Recent Posts
Sponsors
 |
Processing Payments: Authorize vs Capture vs SettledMike Peters, 01-04-2011 |
When processing credit card payments, there are several "transaction types" used to identify what action to take with the customer's credit card.
The "transaction type" tells your merchant processor, whether you want to charge the customer's credit card, issue a refund or obtain an authorization code for a specific amount.
People often get confused with all these different transaction types and how they're used, so I wanted to try and clear things up a bit.
With this post, I'll cover the purpose of each "transaction type" and how they're used in the real world.
The same principles apply whether you're processing payments online, offline, using Authorize.net or using any other payment gateway. So it's a good idea to understand how it all works.
Process Flow
Before we dive into transaction types, it will help if we first understand the payment process flow. How money moves from a customer's bank account to yours.
There are lots of tutorials online about transaction types, but I found them all to be way too technical. Here's my attempt of breaking things down, in lamen terms...
Let's meet Dorris.
Dorris is an affluent traveler who loves exotic destinations.
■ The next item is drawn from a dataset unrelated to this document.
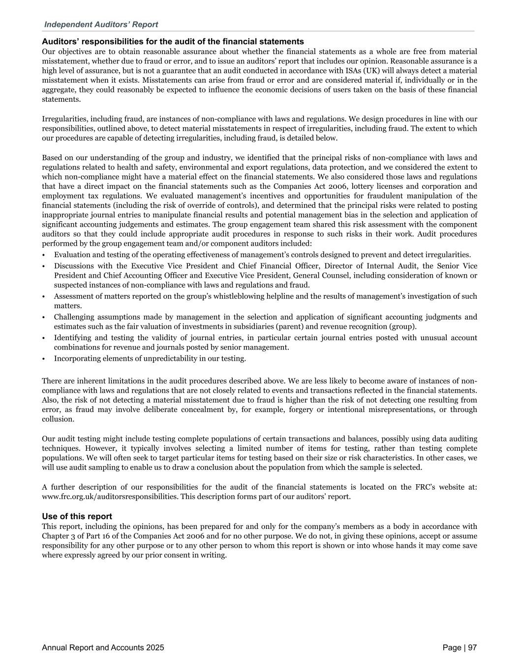 Auditors’ responsibilities for the audit of the financial statements Our objectives are to obtain reasonable assurance about whether the financial statements as a whole are free from material misstatement, whether due to fraud or error, and to issue an auditors’ report that includes our opinion. Reasonable assurance is a high level of assurance, but is not a guarantee that an audit conducted in accordance with ISAs (UK) will always detect a material misstatement when it exists. Misstatements can arise from fraud or error and are considered material if, individually or in the aggregate, they could reasonably be expected to influence the economic decisions of users taken on the basis of these financial statements. Irregularities, including fraud, are instances of non-compliance with laws and regulations. We design procedures in line with our responsibilities, outlined above, to detect material misstatements in respect of irregularities, including fraud. The extent to which our procedures are capable of detecting irregularities, including fraud, is detailed below. Based on our understanding of the group and industry, we identified that the principal risks of non-compliance with laws and regulations related to health and safety, environmental and export regulations, data protection, and we considered the extent to which non-compliance might have a material effect on the financial statements. We also considered those laws and regulations that have a direct impact on the financial statements such as the Companies Act 2006, lottery licenses and corporation and employment tax regulations. We evaluated management’s incentives and opportunities for fraudulent manipulation of the financial statements (including the risk of override of controls), and determined that the principal risks were related to posting inappropriate journal entries to manipulate financial results and potential management bias in the selection and application of significant accounting judgements and estimates. The group engagement team shared this risk assessment with the component auditors so that they could include appropriate audit procedures in response to such risks in their work. Audit procedures performed by the group engagement team and/or component auditors included: • Evaluation and testing of the operating effectiveness of management’s controls designed to prevent and detect irregularities. • Discussions with the Executive Vice President and Chief Financial Officer, Director of Internal Audit, the Senior Vice President and Chief Accounting Officer and Executive Vice President, General Counsel, including consideration of known or suspected instances of non-compliance with laws and regulations and fraud. • Assessment of matters reported on the group’s whistleblowing helpline and the results of management’s investigation of such matters. • Challenging assumptions made by management in the selection and application of significant accounting judgments and estimates such as the fair valuation of investments in subsidiaries (parent) and revenue recognition (group). • Identifying and testing the validity of journal entries, in particular certain journal entries posted with unusual account combinations for revenue and journals posted by senior management. • Incorporating elements of unpredictability in our testing. There are inherent limitations in the audit procedures described above. We are less likely to become aware of instances of non- compliance with laws and regulations that are not closely related to events and transactions reflected in the financial statements. Also, the risk of not detecting a material misstatement due to fraud is higher than the risk of not detecting one resulting from error, as fraud may involve deliberate concealment by, for example, forgery or intentional misrepresentations, or through collusion. Our audit testing might include testing complete populations of certain transactions and balances, possibly using data auditing techniques. However, it typically involves selecting a limited number of items for testing, rather than testing complete populations. We will often seek to target particular items for testing based on their size or risk characteristics. In other cases, we will use audit sampling to enable us to draw a conclusion about the population from which the sample is selected. A further description of our responsibilities for the audit of the financial statements is located on the FRC’s website at: www.frc.org.uk/auditorsresponsibilities. This description forms part of our auditors’ report. Use of this report This report, including the opinions, has been prepared for and only for the company’s members as a body in accordance with Chapter 3 of Part 16 of the Companies Act 2006 and for no other purpose. We do not, in giving these opinions, accept or assume responsibility for any other purpose or to any other person to whom this report is shown or into whose hands it may come save where expressly agreed by our prior consent in writing. Independent Auditors’ Report Annual Report and Accounts 2025 Page | 97

In one of her recent trips to Aruba, Dorris checked-in to the recently renovated Hilton hotel.
The trip was all paid-up in advance, but the guy at the front desk insisted on swiping Dorris' credit card. "This is to cover any incidentals" he said. In other words, help yourself to the minibar. The Cherry Almonds are only $15 a pop...
Dorris hands-over her credit card and the hotel submits an Authorization transaction type, in the amount of $200. The payment gateway responds with a unique authorization code that is saved in the hotel system. Dorris gets her room key and falls asleep as soon as her head hits the pillow. It was a long flight.
A few days later, while shopping at the local market, Dorris suddenly realizes she lost her purse. Credit Cards, driver license and some cash, all gone like dust in the wind.
Dorris gets on the phone with American Express and immediately cancels her credit card. This is the same card she handed to the hotel to cover any potential minibar charges.
A few more days go by. Time flies when you're having fun! It's already Friday and it's time for Dorris to check-out from the hotel.
"I see you have $40 in minibar charges" says the hotel clerk, smiling ear to ear. "We'll go ahead and apply this to the card we have on file. Thank you for staying at the Hilton".
Dorris starts walking towards the door and then she yells "Oh! I lost my card and had to cancel it. I'm sorry".
No problem.
The hotel submits the previously obtained authorization code with a Capture transaction type and the amount set to $40.
Since the authorization was for $200, no matter what happens to the card, how much money is in the account or whether or not the card was canceled. The funds were already reserved and $40 are successfully captured by the hotel's payment gateway.
24 hours later, the transaction settles and funds show up in the hotels' bank account.
There you have it. Now you understand the flow from card authorized to captured to settled.
Transaction Types
Now that we covered the basics, let's drill deeper and review all transaction types:
Authorize (AUTH_ONLY):
Run the card for a given amount and obtain a unique authorization code. The amount will be put on hold and you are guaranteed these funds as long as you use the authorization code in a Capture transaction within 30 days. (How long before an authorization code expires varies by company. Check with your payment gateway)
Customers don't see the authorization as a charge on their statement, but they will see their available funds decrease by the amount you ran the authorization for.
There's an exception here - if the card is a debit card, the transaction will show up in the customer's online statement. Regardless of whether or not the transaction shows up, the rules are the same:
If you don't use the authorization code in a follow-up Capture transaction, the authorization is "dropped", funds returned to the customer's balance and you can no longer use it.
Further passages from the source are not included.